State the count of lines below featuring the word "piece", and write nothing further.

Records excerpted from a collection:
========================================================================

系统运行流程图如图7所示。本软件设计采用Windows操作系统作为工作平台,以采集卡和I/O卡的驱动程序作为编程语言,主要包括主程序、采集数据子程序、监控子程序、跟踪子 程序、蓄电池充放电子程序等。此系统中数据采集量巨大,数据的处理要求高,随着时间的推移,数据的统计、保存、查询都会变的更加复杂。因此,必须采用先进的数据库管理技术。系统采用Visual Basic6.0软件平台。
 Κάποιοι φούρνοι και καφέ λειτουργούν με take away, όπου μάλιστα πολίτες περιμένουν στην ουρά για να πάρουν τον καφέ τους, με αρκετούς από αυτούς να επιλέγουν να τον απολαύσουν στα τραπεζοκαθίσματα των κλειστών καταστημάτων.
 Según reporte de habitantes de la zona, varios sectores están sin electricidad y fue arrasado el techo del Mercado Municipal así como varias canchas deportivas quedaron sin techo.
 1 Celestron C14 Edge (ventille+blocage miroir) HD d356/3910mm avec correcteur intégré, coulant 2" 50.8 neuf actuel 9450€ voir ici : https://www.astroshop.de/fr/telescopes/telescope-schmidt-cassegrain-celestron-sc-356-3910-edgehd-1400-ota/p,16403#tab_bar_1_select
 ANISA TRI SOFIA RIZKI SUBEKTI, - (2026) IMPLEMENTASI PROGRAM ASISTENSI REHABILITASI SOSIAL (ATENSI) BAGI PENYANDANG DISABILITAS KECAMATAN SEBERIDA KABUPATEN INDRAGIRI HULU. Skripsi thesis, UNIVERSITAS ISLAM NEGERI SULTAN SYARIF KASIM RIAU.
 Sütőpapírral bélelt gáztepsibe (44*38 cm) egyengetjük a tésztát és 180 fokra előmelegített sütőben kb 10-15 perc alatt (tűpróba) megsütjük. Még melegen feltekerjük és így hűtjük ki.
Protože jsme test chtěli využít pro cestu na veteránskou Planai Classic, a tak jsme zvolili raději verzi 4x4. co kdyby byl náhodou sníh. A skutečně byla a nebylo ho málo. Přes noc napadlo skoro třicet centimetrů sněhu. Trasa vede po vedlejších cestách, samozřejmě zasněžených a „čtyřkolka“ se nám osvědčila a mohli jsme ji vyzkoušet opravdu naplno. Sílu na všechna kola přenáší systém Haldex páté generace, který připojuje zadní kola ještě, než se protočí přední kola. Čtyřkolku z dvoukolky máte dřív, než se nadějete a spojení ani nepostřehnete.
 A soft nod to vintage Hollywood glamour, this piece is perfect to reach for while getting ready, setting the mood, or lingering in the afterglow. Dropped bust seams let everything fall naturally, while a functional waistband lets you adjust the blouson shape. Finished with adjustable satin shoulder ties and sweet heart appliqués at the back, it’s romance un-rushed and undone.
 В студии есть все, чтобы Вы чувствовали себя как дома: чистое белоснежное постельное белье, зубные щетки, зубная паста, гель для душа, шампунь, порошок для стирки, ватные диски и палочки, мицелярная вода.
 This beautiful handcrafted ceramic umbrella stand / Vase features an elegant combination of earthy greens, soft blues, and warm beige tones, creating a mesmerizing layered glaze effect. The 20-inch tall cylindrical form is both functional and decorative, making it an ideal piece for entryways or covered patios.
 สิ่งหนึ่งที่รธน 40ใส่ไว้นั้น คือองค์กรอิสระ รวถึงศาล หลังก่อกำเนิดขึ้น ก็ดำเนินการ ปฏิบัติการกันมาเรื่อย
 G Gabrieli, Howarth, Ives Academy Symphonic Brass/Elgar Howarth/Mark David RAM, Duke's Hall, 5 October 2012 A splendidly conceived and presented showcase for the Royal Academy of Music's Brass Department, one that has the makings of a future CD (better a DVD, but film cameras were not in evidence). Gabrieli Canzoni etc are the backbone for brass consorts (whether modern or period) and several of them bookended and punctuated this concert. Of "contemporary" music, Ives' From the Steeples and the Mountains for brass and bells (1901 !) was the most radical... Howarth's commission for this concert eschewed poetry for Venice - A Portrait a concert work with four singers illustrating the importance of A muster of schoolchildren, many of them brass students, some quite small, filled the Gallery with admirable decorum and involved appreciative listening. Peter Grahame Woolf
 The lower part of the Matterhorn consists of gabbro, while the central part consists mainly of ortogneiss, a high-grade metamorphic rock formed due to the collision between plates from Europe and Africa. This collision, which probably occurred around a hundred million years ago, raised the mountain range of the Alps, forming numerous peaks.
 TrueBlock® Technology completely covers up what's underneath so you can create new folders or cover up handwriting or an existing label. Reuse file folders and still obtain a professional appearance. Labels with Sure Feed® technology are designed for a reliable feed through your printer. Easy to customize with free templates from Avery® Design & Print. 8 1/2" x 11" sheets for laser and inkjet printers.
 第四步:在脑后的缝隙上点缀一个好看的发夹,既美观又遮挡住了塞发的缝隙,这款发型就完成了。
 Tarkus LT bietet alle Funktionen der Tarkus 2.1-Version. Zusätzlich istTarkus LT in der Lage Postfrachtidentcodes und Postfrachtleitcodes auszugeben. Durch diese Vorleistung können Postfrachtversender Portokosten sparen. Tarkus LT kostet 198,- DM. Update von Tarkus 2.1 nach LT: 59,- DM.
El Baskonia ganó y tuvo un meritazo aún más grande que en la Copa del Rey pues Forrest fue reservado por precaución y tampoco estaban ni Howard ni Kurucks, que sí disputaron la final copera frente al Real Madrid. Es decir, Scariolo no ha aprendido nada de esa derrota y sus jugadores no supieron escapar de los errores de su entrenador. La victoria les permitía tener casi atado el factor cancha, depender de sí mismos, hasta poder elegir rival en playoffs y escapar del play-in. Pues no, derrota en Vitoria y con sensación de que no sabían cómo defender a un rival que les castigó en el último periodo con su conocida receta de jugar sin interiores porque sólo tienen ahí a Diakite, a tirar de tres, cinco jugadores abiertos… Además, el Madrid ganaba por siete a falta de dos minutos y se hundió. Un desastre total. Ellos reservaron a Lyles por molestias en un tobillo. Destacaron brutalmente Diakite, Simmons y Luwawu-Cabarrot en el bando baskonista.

========================================================================

Result for this task:
2